Sarah apenas podía dar crédito a tanta generosidad en aquellos días duros y crueles que habían convertido tales gestos en un recuerdo del pasado.

—¿Estaría usted dispuesto a hacer eso por Jacob…? ¿Por qué?

¿Por curiosidad? ¿Por interés científico? ¿Porque quería anotar cada uno de los detalles del caso y elaborar toda una tesis en torno a él…? ¿Porque se sentía culpable…? El doctor Vartan no estuvo seguro.

—Porque es la única solución posible. —Huyó de explicaciones.

Sarah bajó los ojos: si sólo había una solución, ¿qué iba ella a objetar?

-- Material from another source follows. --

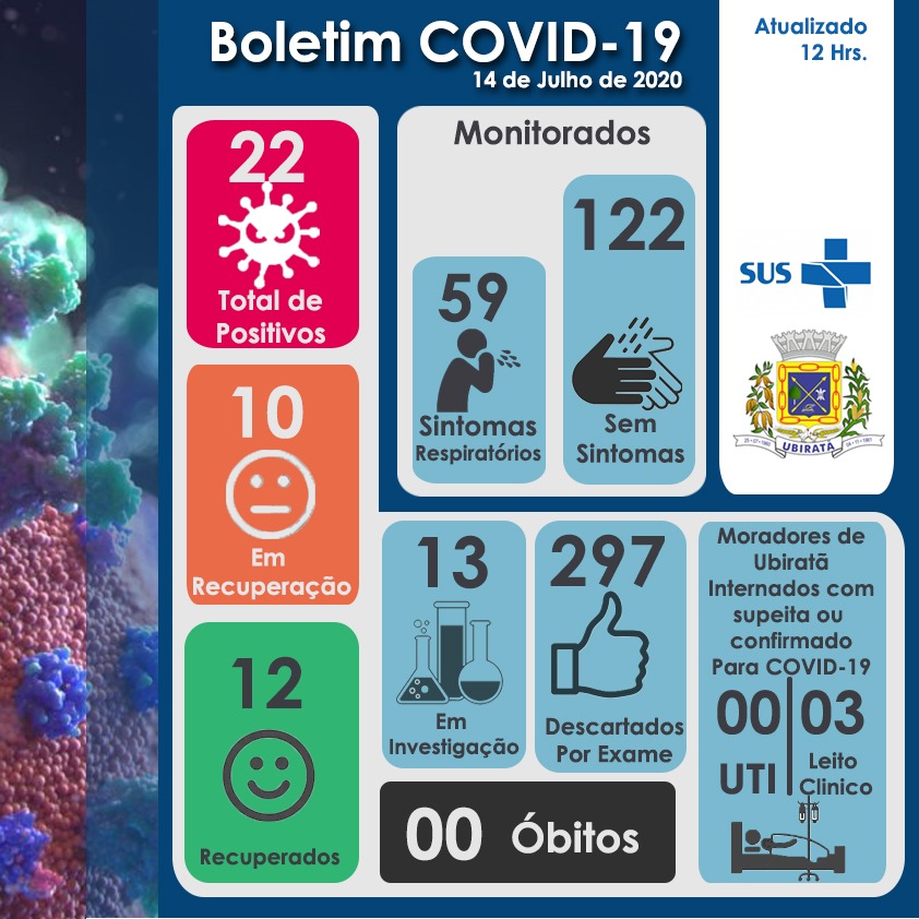A Secretaria de Saúde informa que nesta terça feira, tivemos mais 1 caso confirmado de COVID-19, totalizando 22 casos em Ubiratã até o momento, sendo que deste total , 10 estão se recuperando, e 12 já se recuperaram totalmente.

—Entiendo… ¿Puedo hablar con él?

—Es mejor que no. Si la ve a usted, es probable que no acceda a quedarse… Él no ha venido a mí en busca de una cura, él ha venido a mí en busca de droga.

—Hay algo más, doctor…

El doctor Vartan ladeó la cabeza en actitud receptiva pero temiendo escuchar aquello que Sarah tuviera que contarle.

—Jacob va a ser padre en otoño, pero él no lo sabe… Nunca encontré el momento adecuado para darle la noticia.

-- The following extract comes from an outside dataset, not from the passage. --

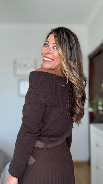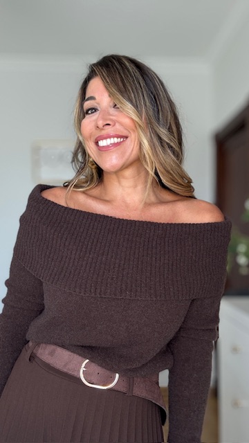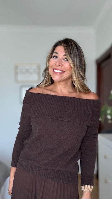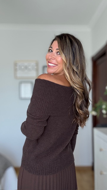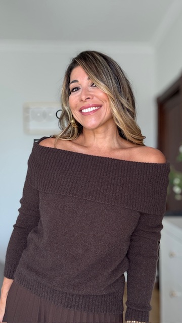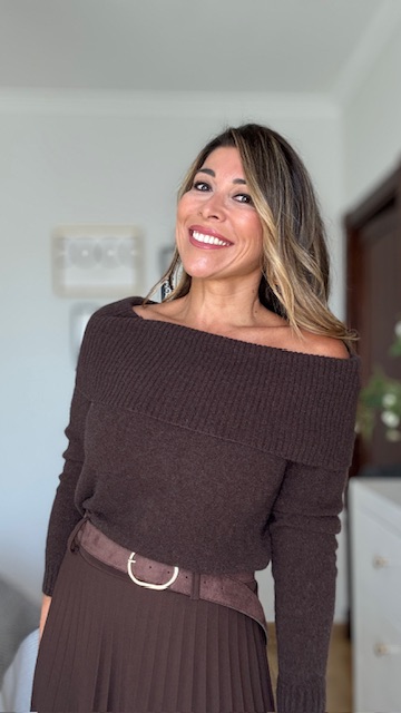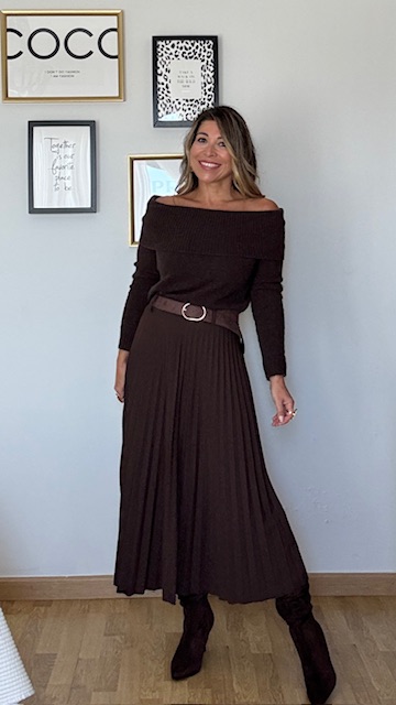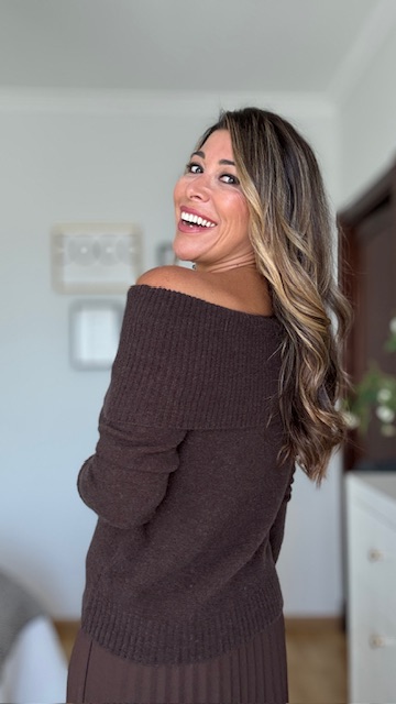 Jersey con cuello barco en color marrón. Talla única válida desde la 36 hasta la 44.

Automáticamente, deslizó la mirada hacia el vientre de Sarah. Ahora que se fijaba…

—¿Está usted embarazada?

Ella asintió.

Tras meditarlo brevemente, el médico añadió:

—Es mejor no decirle nada. Al menos, de momento. No sé muy bien cómo podría afectarle una noticia así… Iremos viendo cómo evoluciona… No se preocupe, mademoiselle Bauer, Jacob estará bien aquí.

Sarah le sonrió agradecida.

No tener que vivir con Jacob… No tener que decirle que esperaba un hijo suyo… No verse obligada a soportar su ira, sus gritos o sus insultos… No era preocupación lo que Sarah sentía, era alivio, y estaba segura de que eso la convertía en una mala persona.